*** Data shown ***
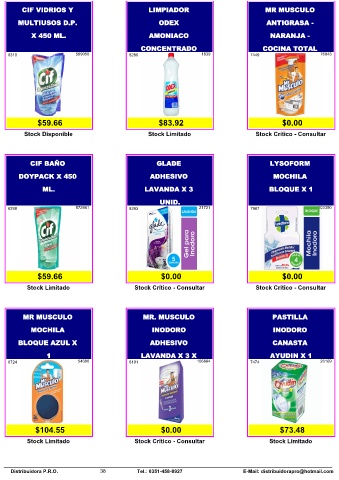 Distribuidora P.R.O. 38 Tel.: 0351-458-8927 E-Mail: distribuidorapro@hotmail.com
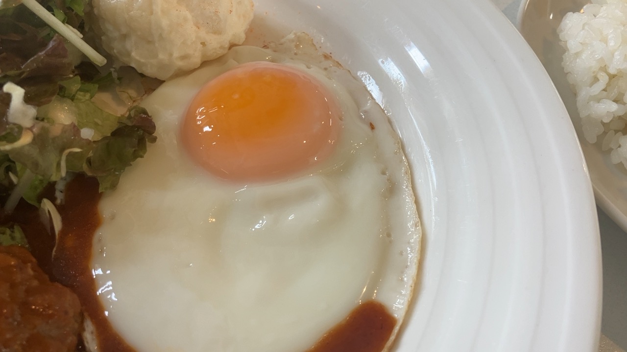 目玉焼きがのっているのも嬉しいです。黄身が半熟でちょうど良い焼き加減です。
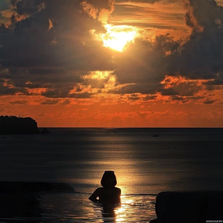На картинке изображен силуэт человека, сидящего в бассейне на закате. Цвета в небе теплые, с оттенками оранжевого и желтого, что говорит о том, что фотография была сделана во время того, что часто называют «золотым часом», который предлагает драматическое освещение для фотографии. Отражение человека в воде добавляет глубину сцене. Наличие облаков предполагает, что это может быть частично облачный день.
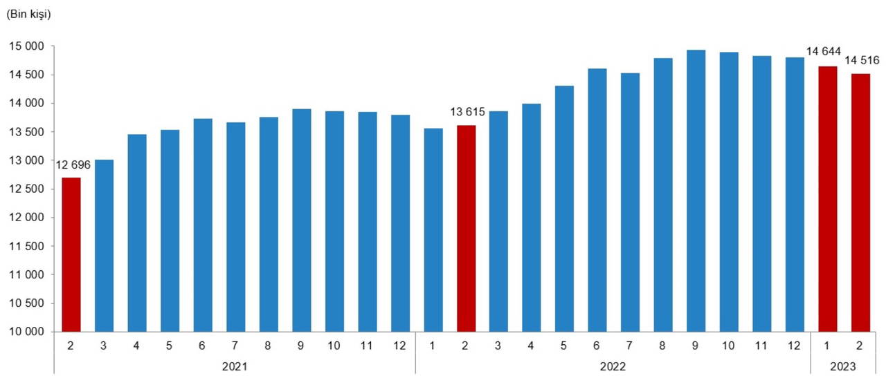 Ücretli çalışan sayısı bir önceki yılın aynı ayında 13 milyon 614 bin 855 kişi iken, 2023 yılı Şubat ayında 14 milyon 515 bin 554 kişi oldu.
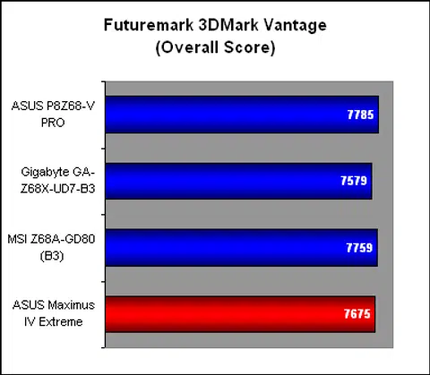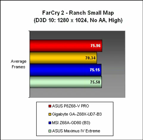 When it came to synthetic graphical benchmarks like 3DMark Vantage, the ASUS and MSI Z68 boards fared identically, with the P67 Maximus following closely. The Gigabyte Z68 however was slightly off the pace. This continued to be the case in the game benchmark, Far Cry 2, where there was quite a significant difference in frame rates between the Gigabyte and the other boards.
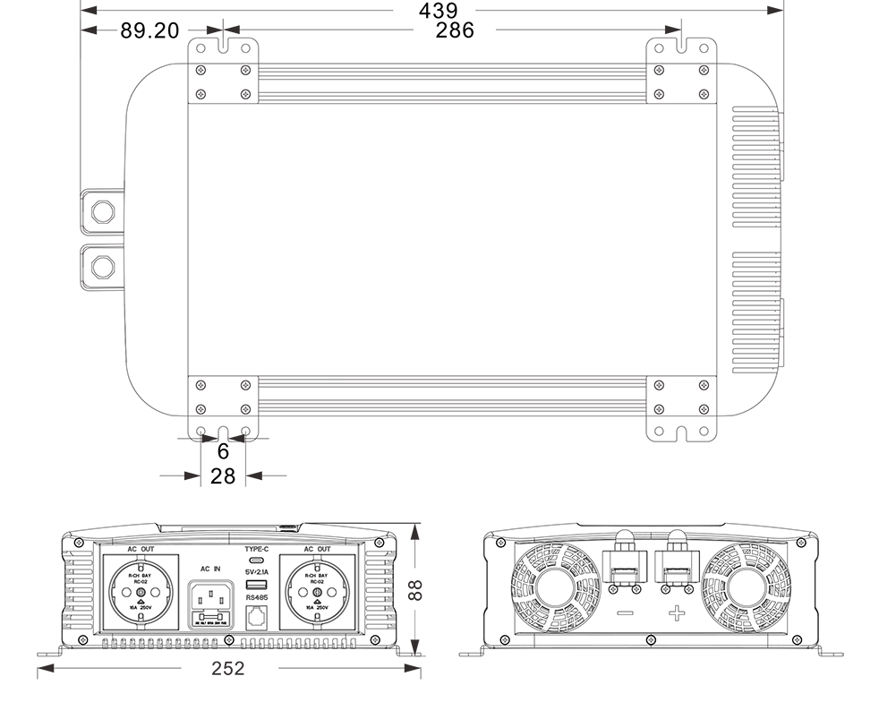 మెకానికల్ డ్రాయింగ్‌లు:(439x252x88mm)
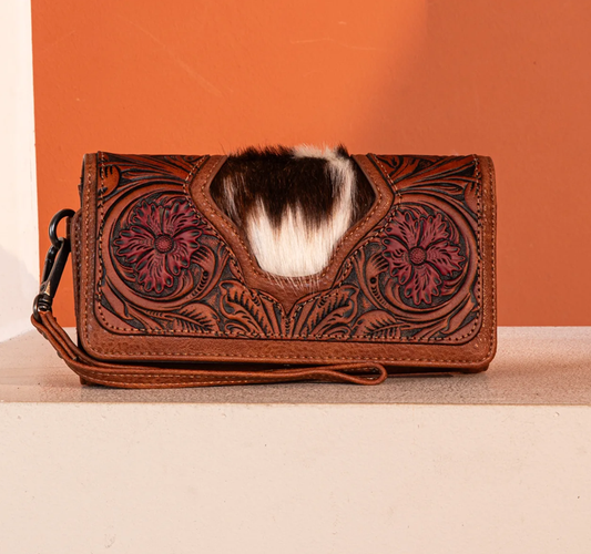 Trinity Ranch Genuine Hair-On Cowhide Tooled Fringe Crossbody Bag with Wallet - BROWN (No 714) 2064
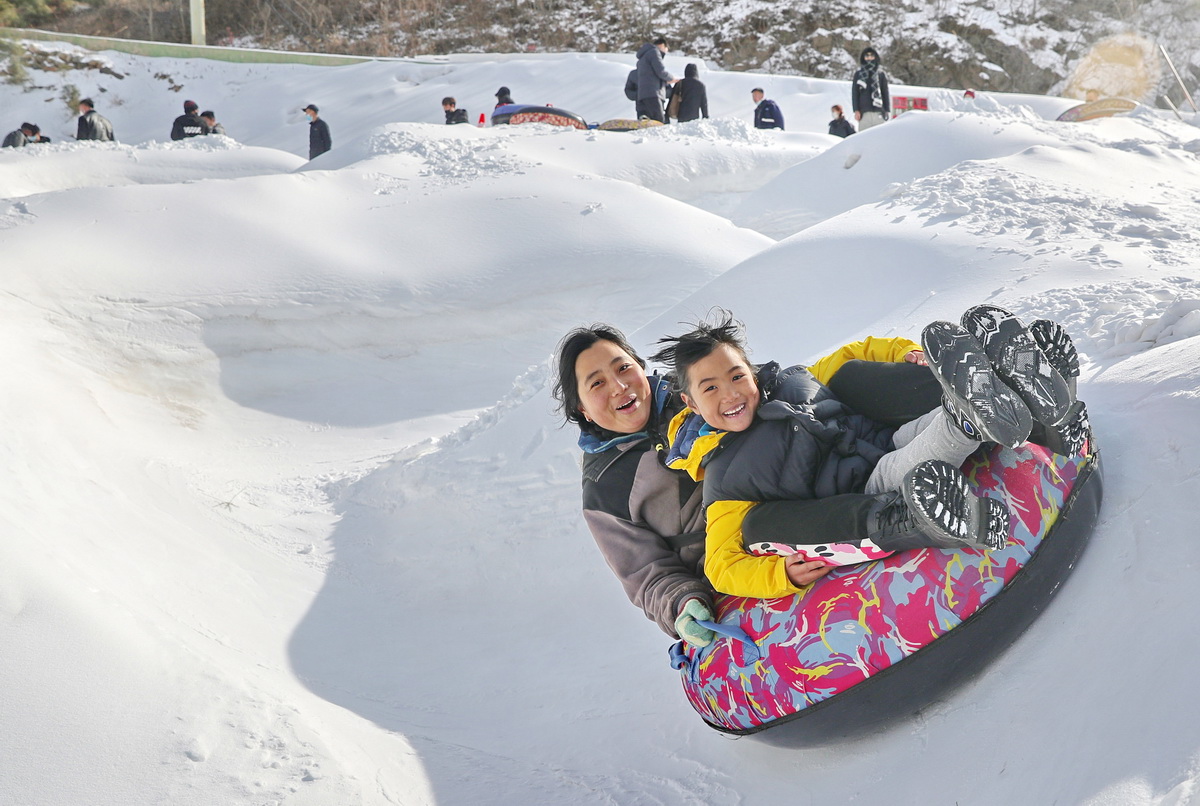 2023年1月26日,在位于河北秦皇岛海港区石门寨镇的老君顶景区内,游客在体验雪圈。
*** End of Data shown ***
What is needed: Every entry, word for word: repeat it, but skip the images.

Task solution:
 Distribuidora P.R.O. 38 Tel.: 0351-458-8927 E-Mail: distribuidorapro@hotmail.com
 目玉焼きがのっているのも嬉しいです。黄身が半熟でちょうど良い焼き加減です。
На картинке изображен силуэт человека, сидящего в бассейне на закате. Цвета в небе теплые, с оттенками оранжевого и желтого, что говорит о том, что фотография была сделана во время того, что часто называют «золотым часом», который предлагает драматическое освещение для фотографии. Отражение человека в воде добавляет глубину сцене. Наличие облаков предполагает, что это может быть частично облачный день.
 Ücretli çalışan sayısı bir önceki yılın aynı ayında 13 milyon 614 bin 855 kişi iken, 2023 yılı Şubat ayında 14 milyon 515 bin 554 kişi oldu.
 When it came to synthetic graphical benchmarks like 3DMark Vantage, the ASUS and MSI Z68 boards fared identically, with the P67 Maximus following closely. The Gigabyte Z68 however was slightly off the pace. This continued to be the case in the game benchmark, Far Cry 2, where there was quite a significant difference in frame rates between the Gigabyte and the other boards.
 మెకానికల్ డ్రాయింగ్‌లు:(439x252x88mm)
 Trinity Ranch Genuine Hair-On Cowhide Tooled Fringe Crossbody Bag with Wallet - BROWN (No 714) 2064
 2023年1月26日,在位于河北秦皇岛海港区石门寨镇的老君顶景区内,游客在体验雪圈。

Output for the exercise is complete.